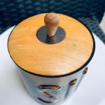 Höjd 14 cm (inklusive lock och handtag). Diameter ca 9,5 cm.
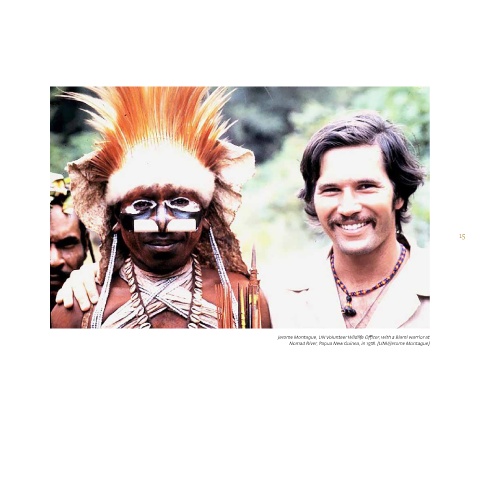 15 Jerome Montague, UN Volunteer Wildlife Officer, with a Biami warrior at Nomad River, Papua New Guinea, in 1978. [UNV/Jerome Montague]
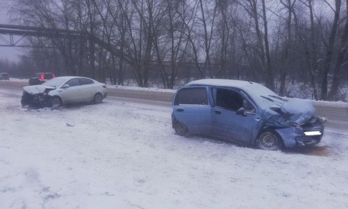 По предварительным данным, виноват 56-летний водитель «Дэу Матиза». Он не учел, что дорожное полотно покрыто рыхлым снегом и не справился с управлением. «Матиз» вылетел на встречку, где влобовую протаранил «Киа Рио», которым рулил 35-летний водитель.

What you have to do: Everything in the listing is to be returned word for word, except the pictures.

Exercise answer:
 Höjd 14 cm (inklusive lock och handtag). Diameter ca 9,5 cm.
 15 Jerome Montague, UN Volunteer Wildlife Officer, with a Biami warrior at Nomad River, Papua New Guinea, in 1978. [UNV/Jerome Montague]
 По предварительным данным, виноват 56-летний водитель «Дэу Матиза». Он не учел, что дорожное полотно покрыто рыхлым снегом и не справился с управлением. «Матиз» вылетел на встречку, где влобовую протаранил «Киа Рио», которым рулил 35-летний водитель.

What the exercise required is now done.